Perdi la metropolitana per pochi secondi, ma nessun problema: a Napoli, nella “città dell’amore” come la chiama Giggino ne passa una ogni tre minuti. Belli tutti distanziati si viaggia in orario e tranquilli fino a piazza Garibaldi. Qui nella stazione centrale biglietto da visita della città si respira ordine e pulito in ogni angolo. Che orgoglio sapere che i turisti quando arrivano vengono accolti così nella terza città d’Italia. Turisti che prima non si erano mai visti da queste parti: a importarli il sindaco grazie alle sue capacità innate di tour operator oltre che di amministratore. “Abbiamo portato i turisti in città. In questi anni abbiamo reso Napoli la città che è più cresciuta per turismo e cultura” ripete oggi nel suo bilancio di questi nove anni. Centro storico stracolmo, ma anche le periferie sono il fiore all’occhiello della città: pullulano di bus e altri mezzi pubblici, perfettamente collegate. Pure negli orari serali. Strade illuminate, cassonetti mai stracolmi e spazzamento quasi quotidiano della pubblica via. Degrado e abbandono non passano. Per non parlare poi degli impianti sportivi per i giovani: da Ponticelli a San Giovanni passando per Scampia fino al Vomero la manutenzione degli edifici è impeccabile. Mai uno stop per perdite, cadute di calcinacci, macché. Così come le scuole: istituti sicuri mai chiusi per un’allerta meteo. Nel week end dalla Floridiana alla Villa Comunale c’è l’imbarazzo della scelta su quale prato verde perfettamente tagliato e rigoglioso stendersi per rilassarsi. E durante le feste comandate non si pensa solo al lungomare, ma ci sono eventi di spessore in tutti i quartieri anche quelli più periferici. 

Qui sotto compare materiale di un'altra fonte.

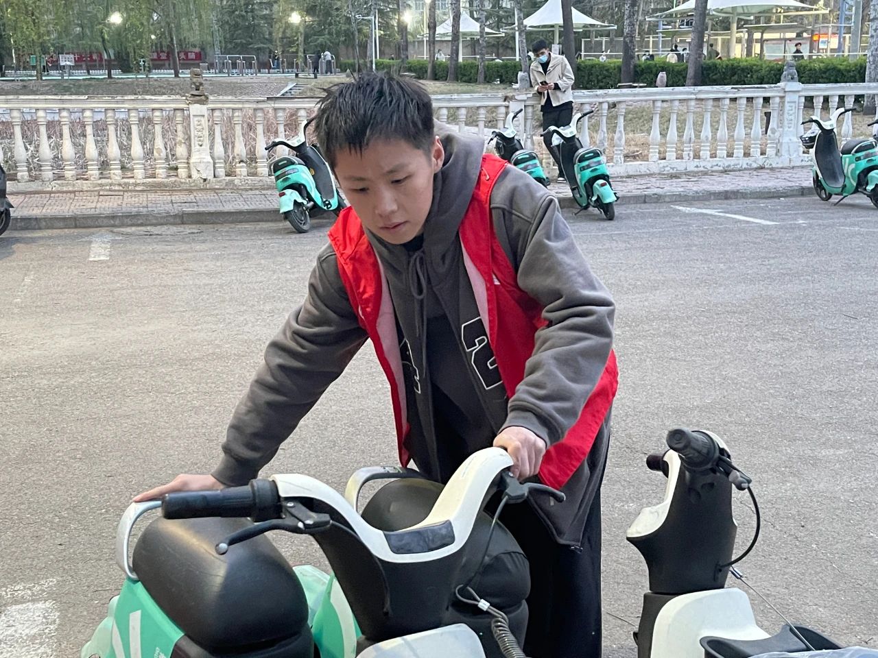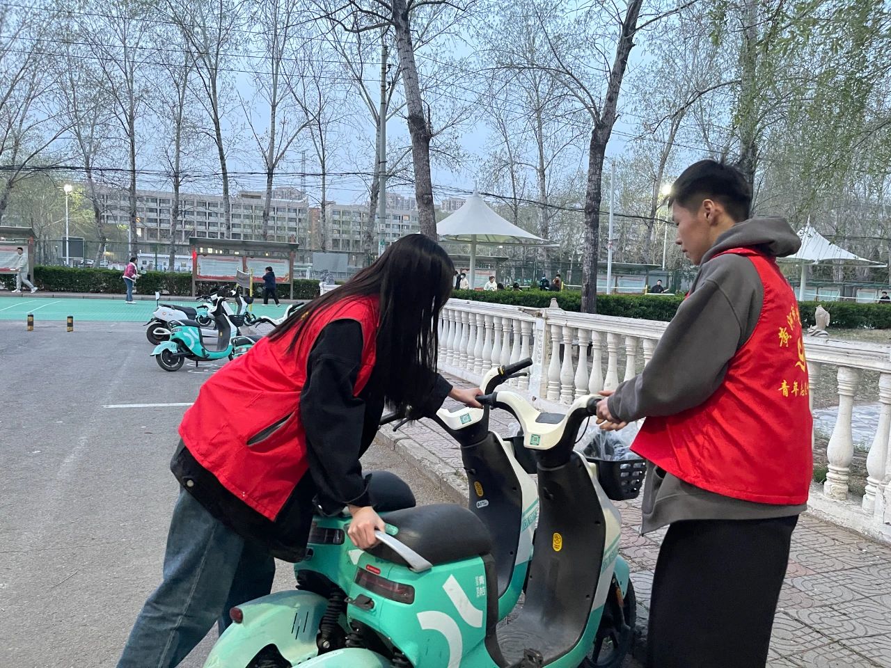 小团子们在信息大楼摆放乱停的共享单车

E’ una Napoli bellissima, una “Napoli città autonoma”, una Napoli che sembra quasi non esistere. 

“Errori? Forse il coinvolgimento nella campagna elettorale del 2013 ma per il resto non ne vedo. Non ci sono colpe gravi perché abbiamo amministrato anche senza soldi e fatto di Napoli una città tra le più attrattive” dice ancora deMa tracciando il suo bilancio (sbilanciato) nelle stesse ore in cui la linea 1 della metropolitana interrompe la circolazione. Manca il personale e così i treni saltano le fermate. Un’altra giornata di passione per i cittadini. Un incubo. Ma è solo un brutto sogno, perché a Napoli funziona tutto benissimo dall’anno scorso. “Napoli città mondiale dell’efficienza dei trasporti nel 2019” come ha promesso il sindaco. Insomma dalla città virtuale, nessun errore. E’ tutto bellissimo, a tratti petaloso.